The presence and extent of invasive IPMN have consistently been identified as risk factors for poor outcomes.^2,6 However, risk factors for local recurrence of noninvasive lesions are not well defined. Furthermore, the risk of recurrence of multifocal high-grade dysplasia has not been studied extensively. Prior study evaluating the association between unifocal high-grade dysplasia and recurrence has shown that the degree of dysplasia seen on the specimen is a risk factor. ² The rates of recurrence significantly increased as the grade of dysplasia increases. After a median of 44.4 months of follow-up, 39 out of 366 (10.7%) patients experienced disease recurrence with a median of 18.8 months, and of these 16 (41%) patients did not initially have an invasive IPMN. Analysis of these recurrences shows that six patients with high-grade dysplasia developed recurrence—one of them had an adenocarcinoma, two had recurrent IPMN, and three had distant metastasis. Therefore, thorough postoperative surveillance is needed not only for invasive IPMN but also for benign noninvasive lesions and especially those with high-grade dysplasia.

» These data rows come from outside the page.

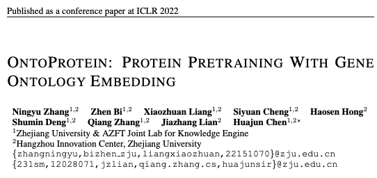第三篇文章是2022年1月23日发表在ICLR2022上的文章“OntoProtein:Pro
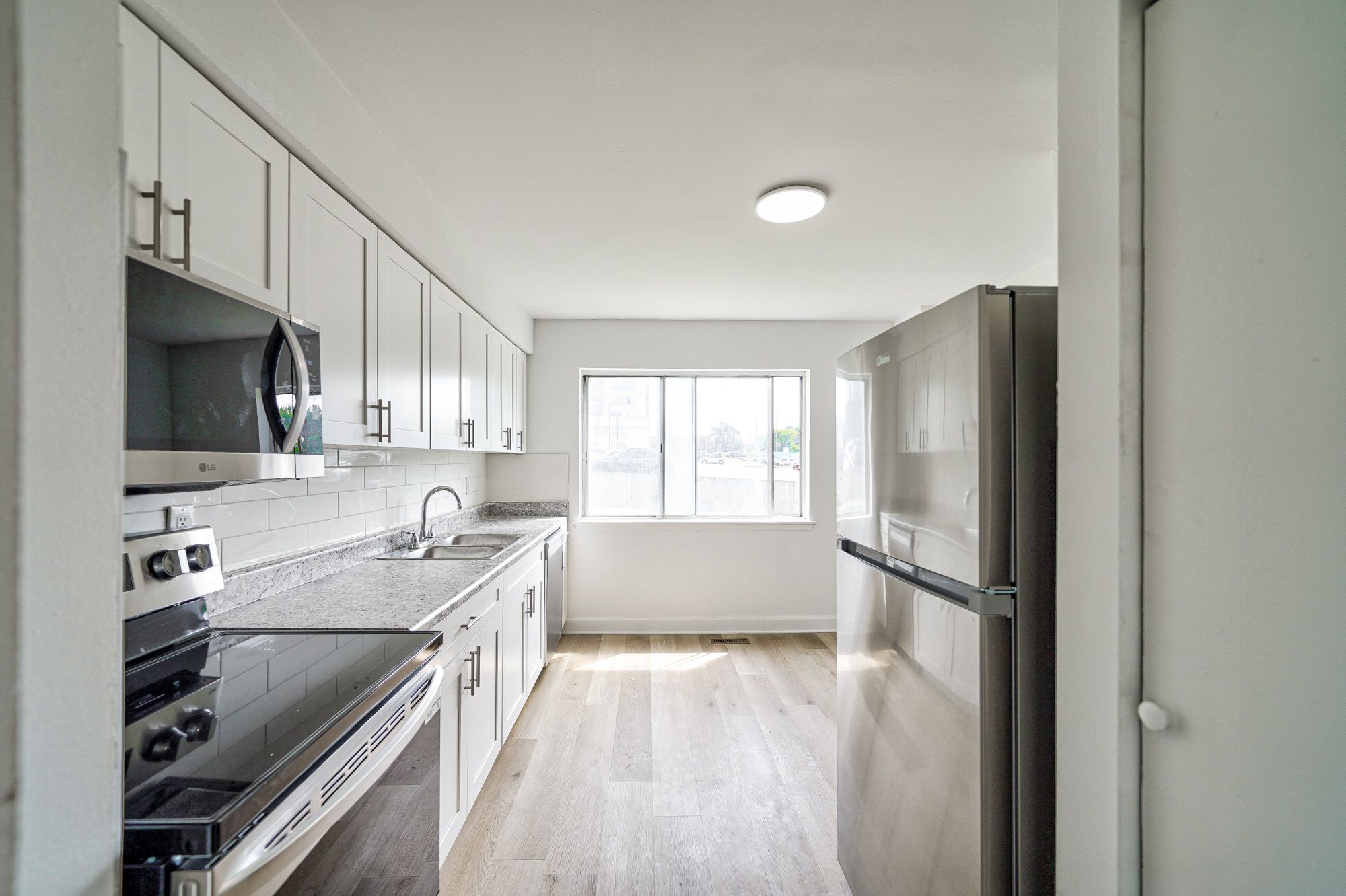 • Hardwood floors and new appliances throughout the townhouse.
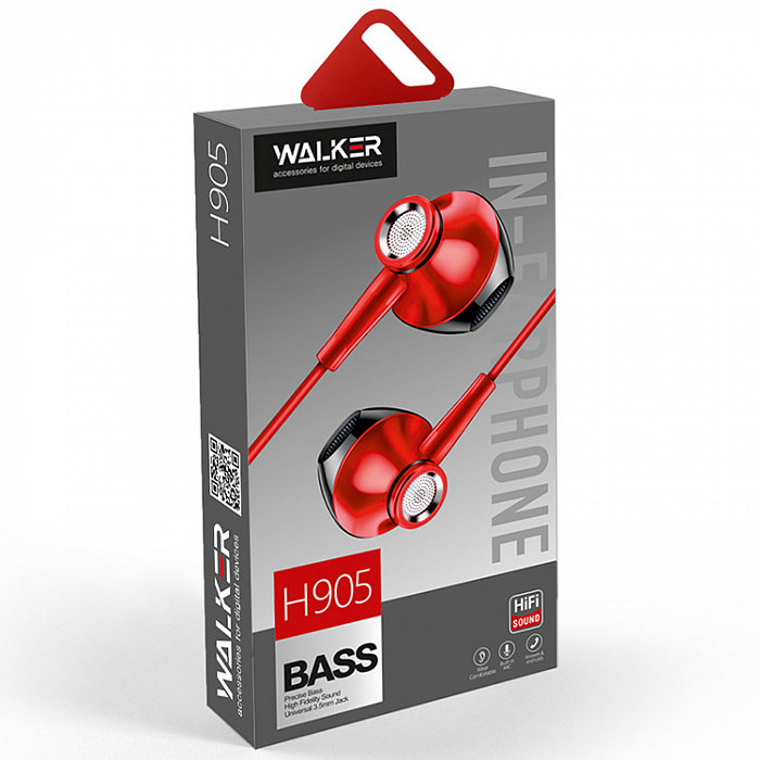 Наушники WALKER H905 с микрофоном не вакуум. красные
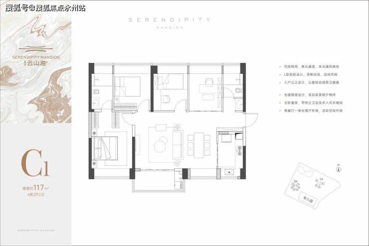 建面约117㎡横厅4房2厅2卫,与116㎡同个面积在横厅设计,自然是可以满足南北通透的需求。
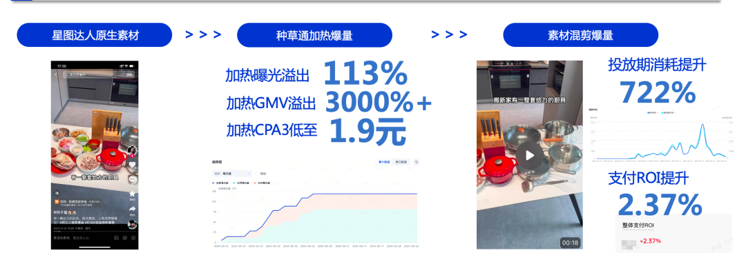 针对转化较好的素材,双立人在使用「种草通」加热爆量的同时,叠加以「全域推广」,对二创混剪素材进行投放,进一步提升ROI。投放期间,「种草通」加热GMV溢出超3000%,素材混剪投放消耗提升 722%,支付ROI提升 2.37%,用优质素材巧妙撬动了大促生意。
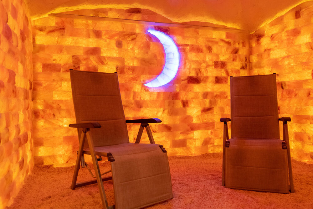 In the salt oasis you can breathe deeply. In a 25-minute session, you breathe brine-containing air that cleanses the lungs. You can recharge with soft relaxing music in a relaxing ambience.
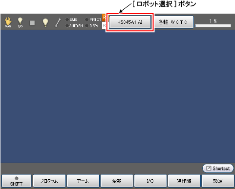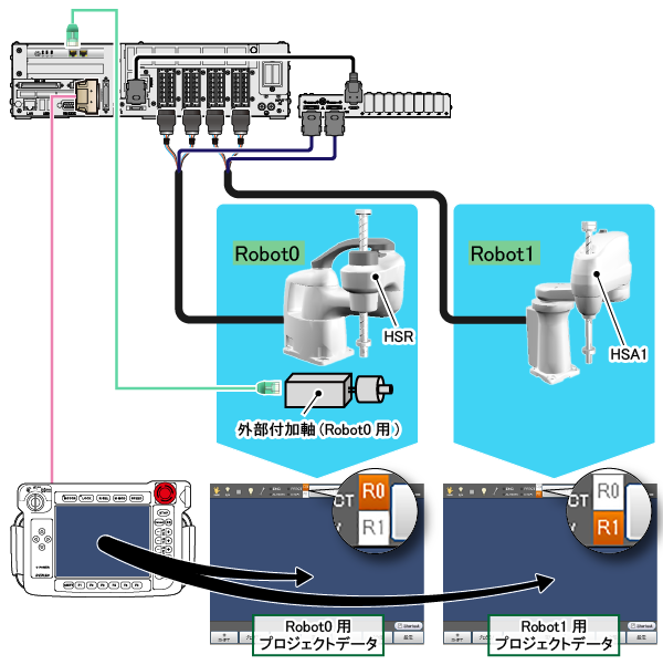 ティーチングペンダントでは、2つのプロジェクトを"ロボット選択"によって切り替えます。
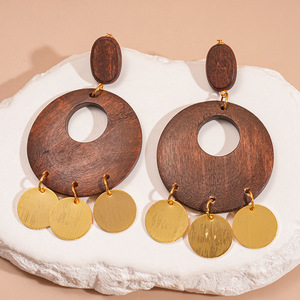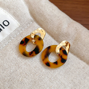 港风复古银针树脂圆形吊坠耳环简约时尚高级感耳圈个性潮流耳饰女
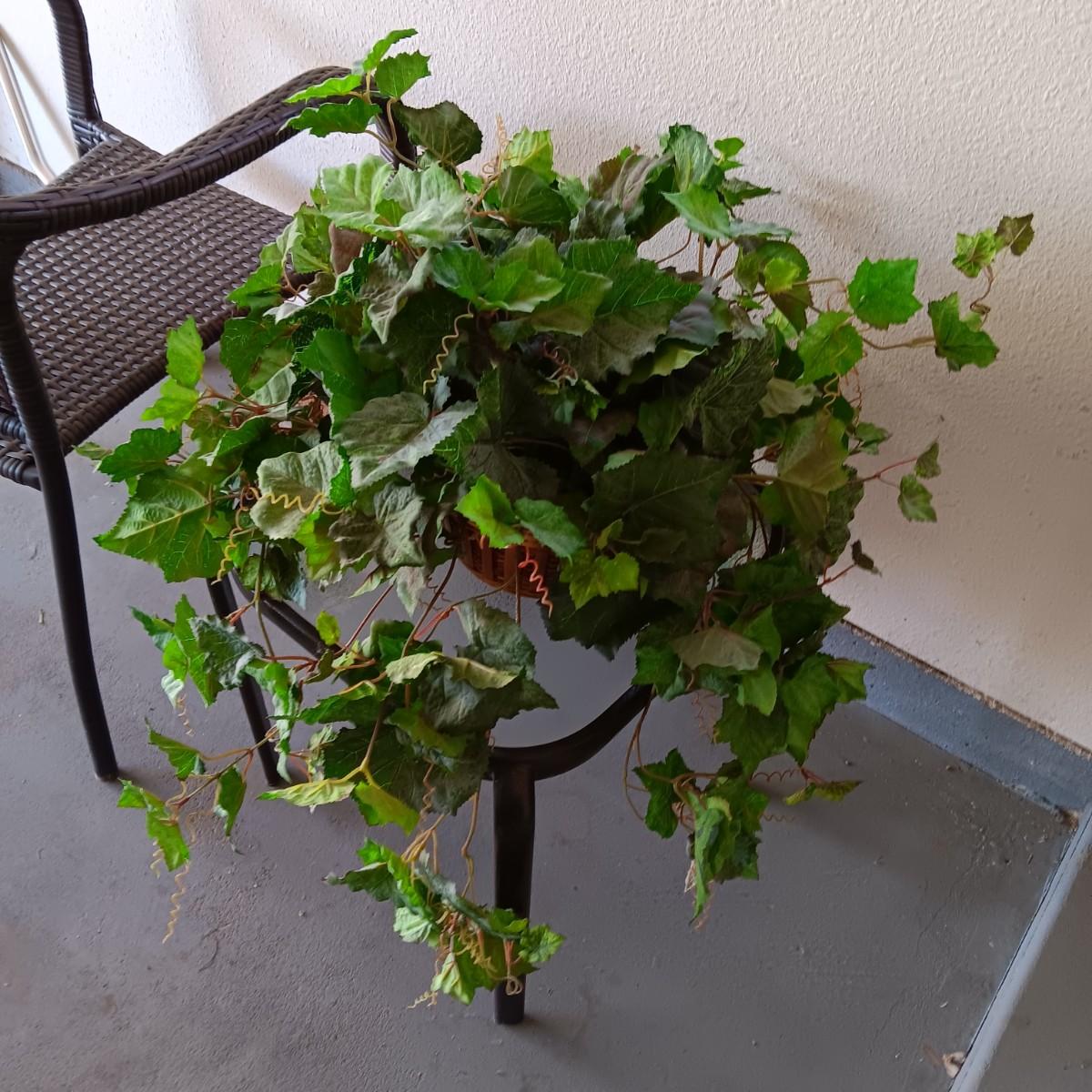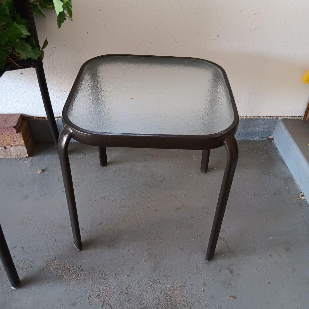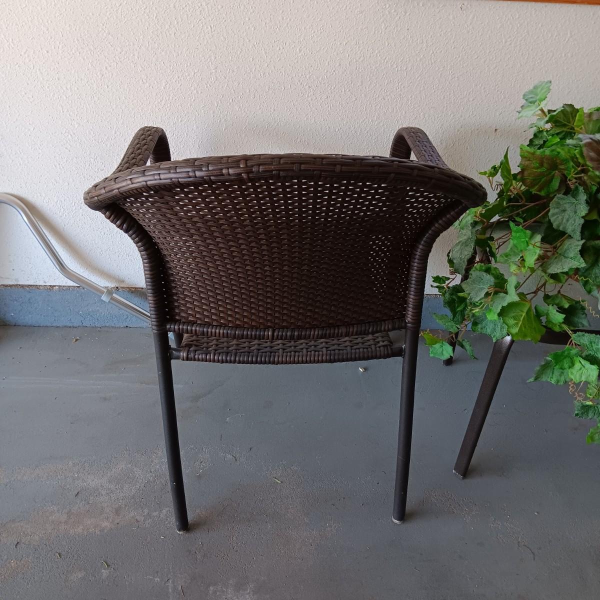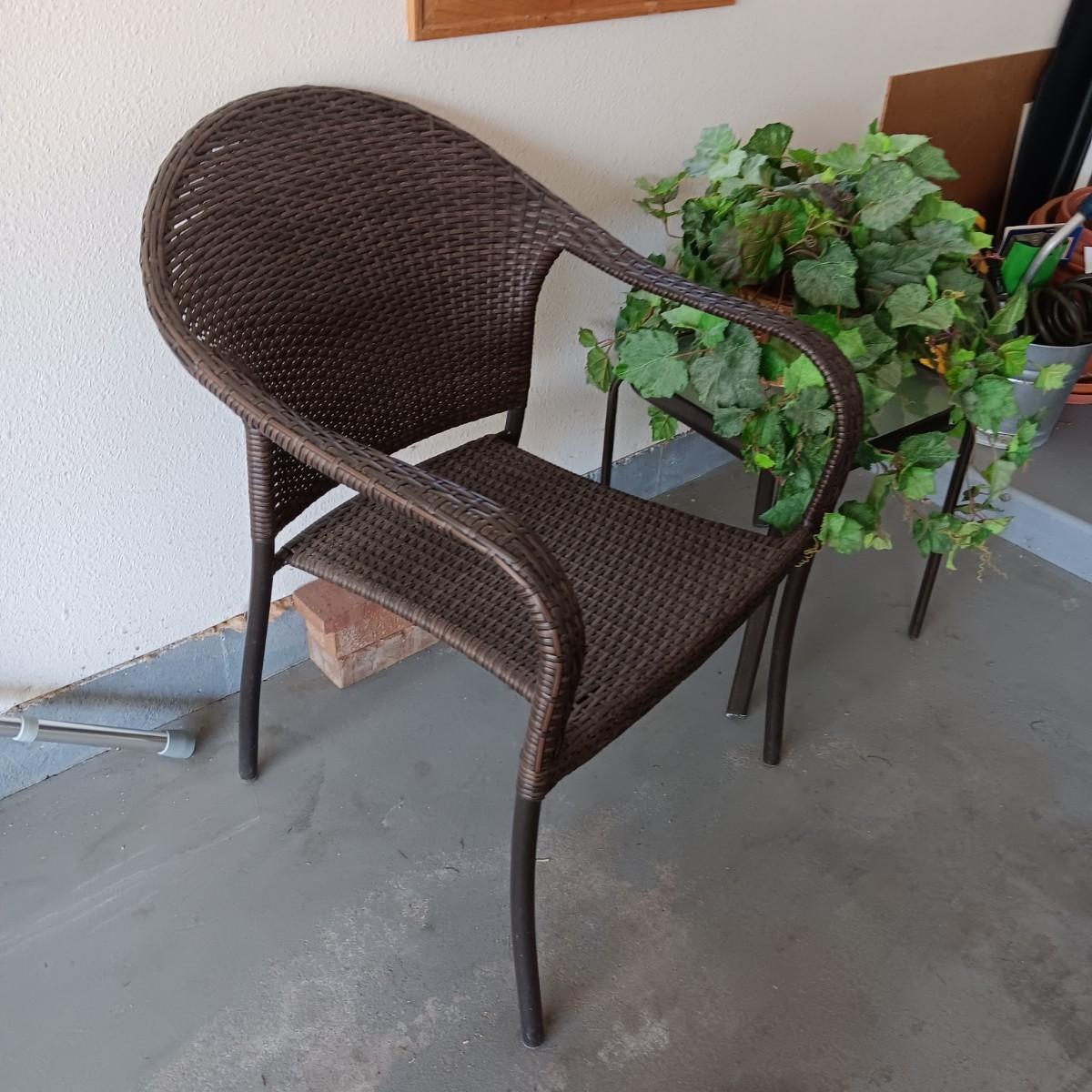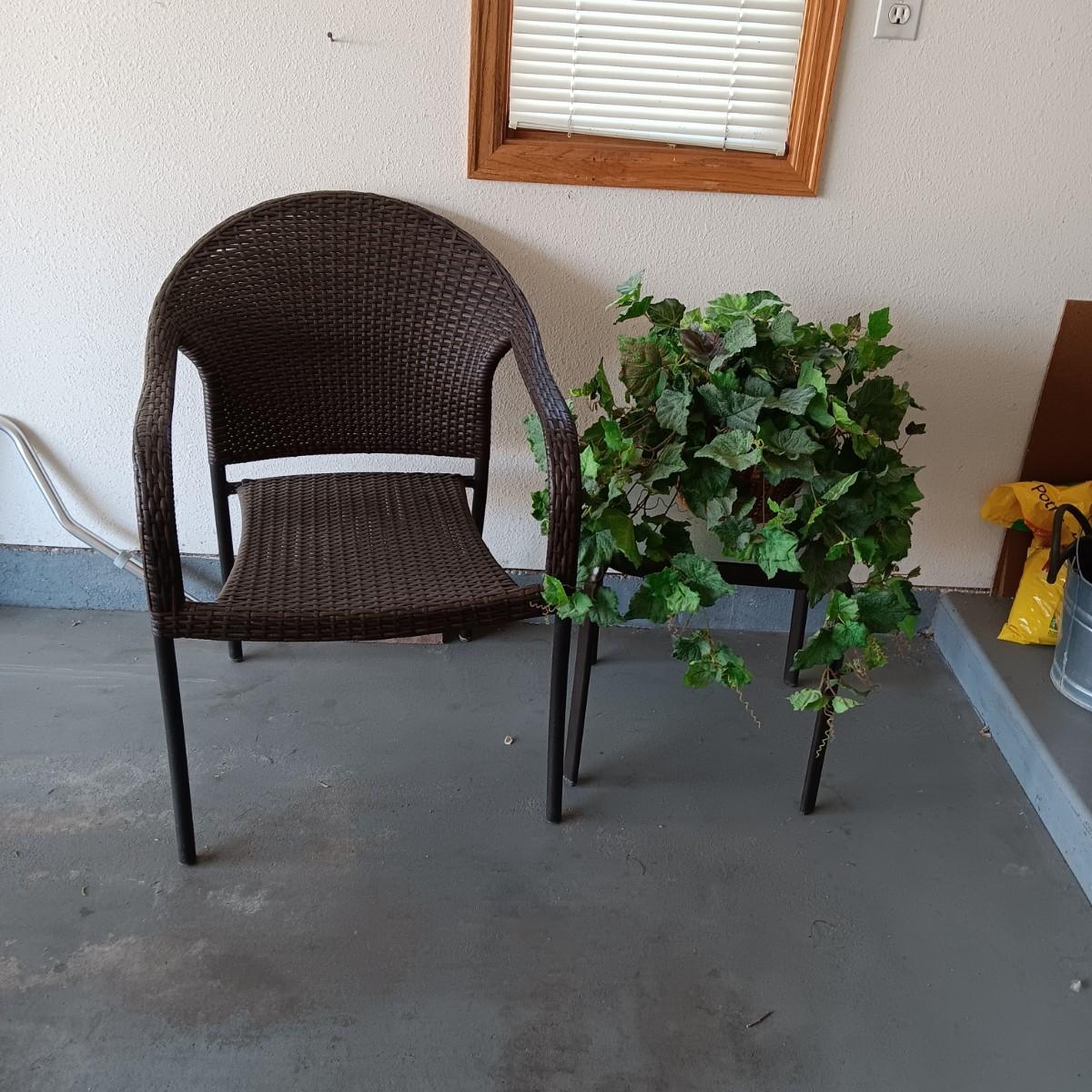OUTDOOR WICKER CHAIR, SIDE TABLE AND FAUX PLANT

At the Indiana University Pancreatic Cyst and Cancer Early Detection Center, high-risk patients (i.e., Cases 1 and 2) undergo surveillance that includes annual EUS-FNA as well as semiannual magnetic resonance imaging (MRI)-MRCP. Unfortunately, the surveillance strategy failed for Case 2, prompting a more aggressive approach in managing Case 3, potentially preventing malignant recurrence. Therefore, based upon our experience, we recommend that total pancreatectomy be strongly considered in fit patients with multifocal high-grade lesions, whether or not pancreatitis is present. However, pancreatic surgery is high risk and has a morbidity rate of 45–55% and a mortality rate of 2–4%.^7,8 Complications after total pancreatectomy may include brittle diabetes, a very challenging form of diabetes that is resistant to insulin treatment, thought to originate from a lack of glucagon secretion as a result of the surgery. The patient may also develop pancreatic exocrine insufficiency with its associated fat-soluble vitamin deficiency as well as malnutrition, typically addressed by adding supplemental pancreatic enzymes.

Conclusion

Although the surveillance protocol for a resected invasive IPMN is well established, the follow-up for a noninvasive cystic lesion depends on many factors and is still a subject of controversy. The rates of recurrence for unifocal noninvasive IPMN are reported to be ∼20%. ¹ Therefore, the guidelines recommend indefinite close surveillance after achieving clear surgical margins. However, the risk of progression from multifocal high-grade PanIN or IPMN into invasive cancer is unclear, and no clear recommendations for the management of these patients exist to date. Based upon our experience, we are recommending strong consideration of completion pancreatectomy in fit patients. In the event, completion pancreatectomy is not pursued, we would recommend quarterly surveillance with serum markers, MRI-MRCP, and semiannual EUS-FNA.